**SOURCE DATA:**
==============================
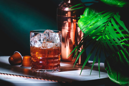 Enjoying a bourbon cocktail with ice in a glass on a dark wooden table at a cozy bar in the evening
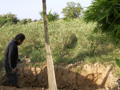 จึงหันมาใช้วิธีใหม่ เริ่มจากขุดบ่อเล็กๆไว้สำหรับพักน้ำ
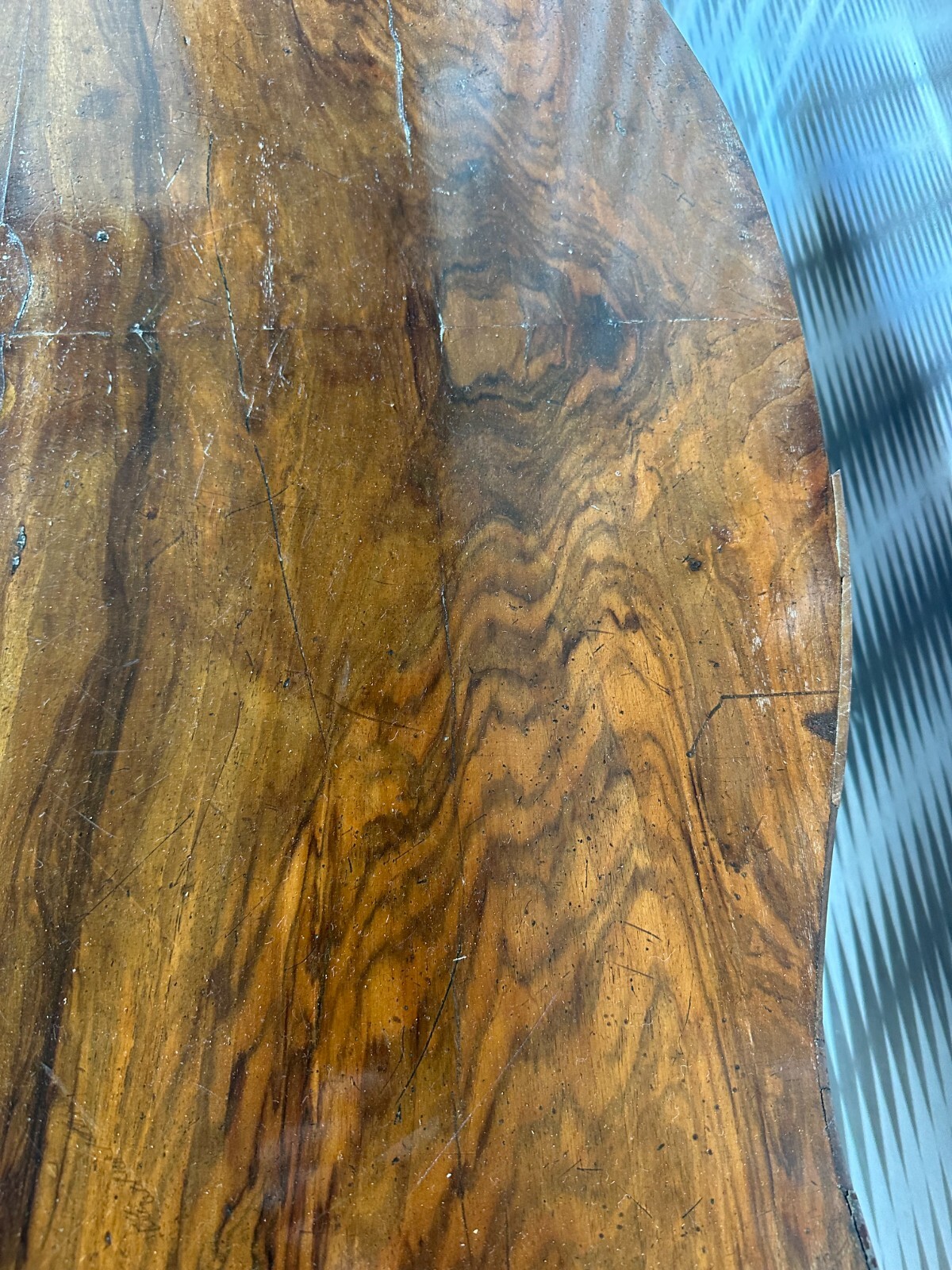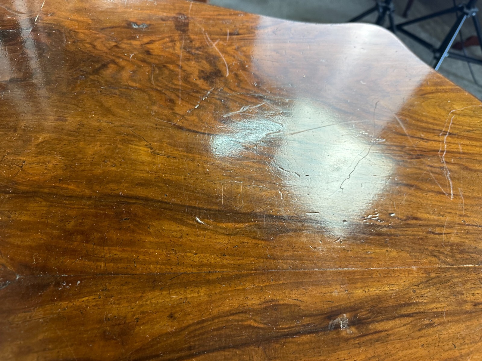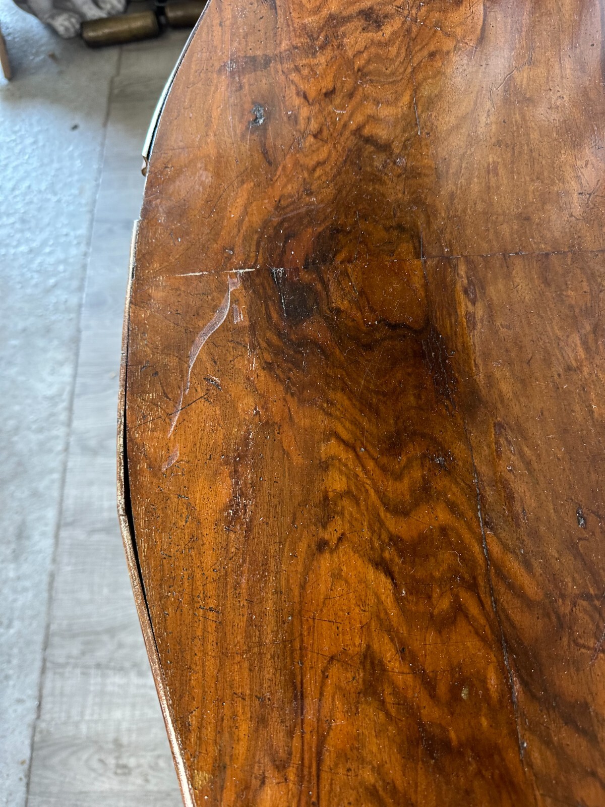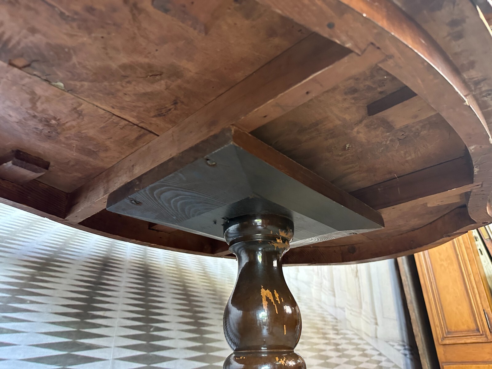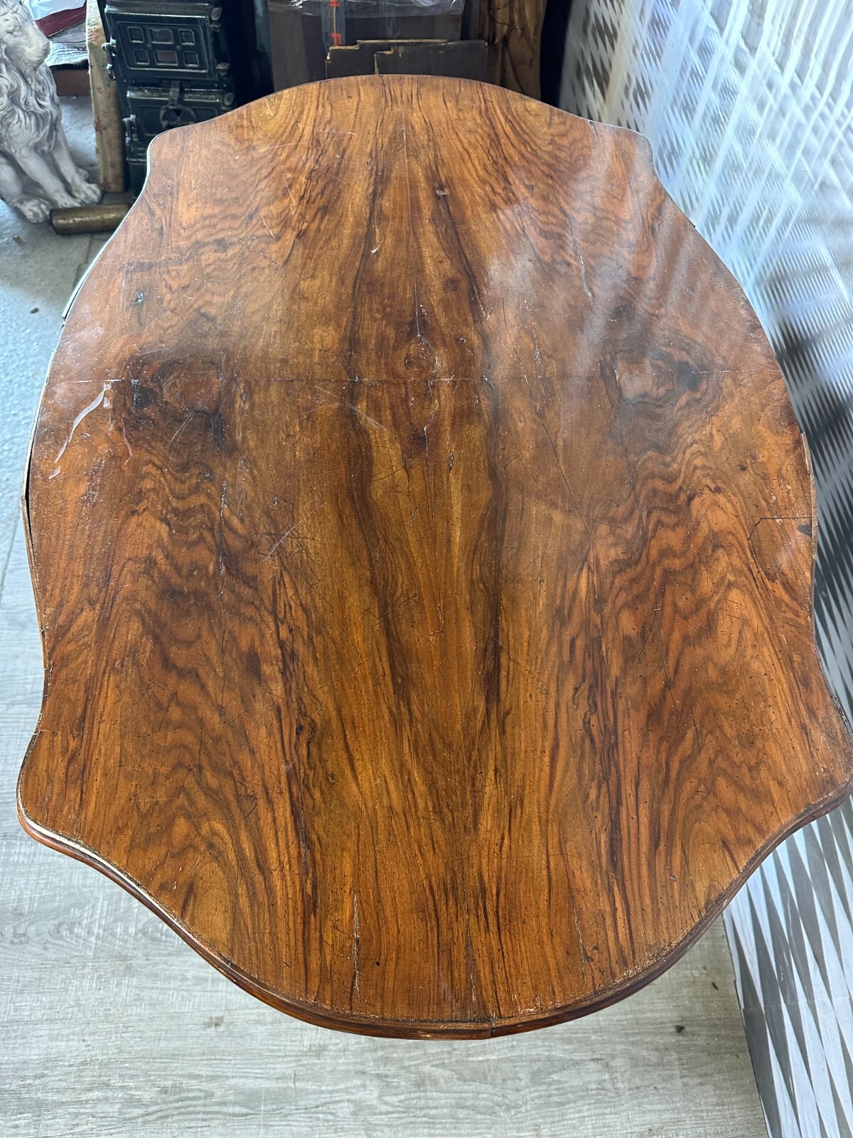 Antiker Beistelltisch, zweite Hälfte 19tes Jahrhundert. Fuß wurde mal komplett übermalt und ist an diversen Stellen berieben, die obere Platte Mahagoni furniert, diverse Druck- und Abriebsstellen. Die seitliche Leiste ist zum Teil lose und unvollständig, es wird nur das abgebildete lose Stück mitgeliefert. Der Seitenrand unterhalb der Platte ebenfalls mit Fehlteilen. Stabiler Zustand, Abmessungen BTH: 111x72x78cm.
==============================
**REQUIRED WORK:**
What you output must be exactly the lines from the line with "จึงหันมาใช้วิธ" through the last line of the listing, pictures excluded.

**ANSWER SPACE:**
 จึงหันมาใช้วิธีใหม่ เริ่มจากขุดบ่อเล็กๆไว้สำหรับพักน้ำ
 Antiker Beistelltisch, zweite Hälfte 19tes Jahrhundert. Fuß wurde mal komplett übermalt und ist an diversen Stellen berieben, die obere Platte Mahagoni furniert, diverse Druck- und Abriebsstellen. Die seitliche Leiste ist zum Teil lose und unvollständig, es wird nur das abgebildete lose Stück mitgeliefert. Der Seitenrand unterhalb der Platte ebenfalls mit Fehlteilen. Stabiler Zustand, Abmessungen BTH: 111x72x78cm.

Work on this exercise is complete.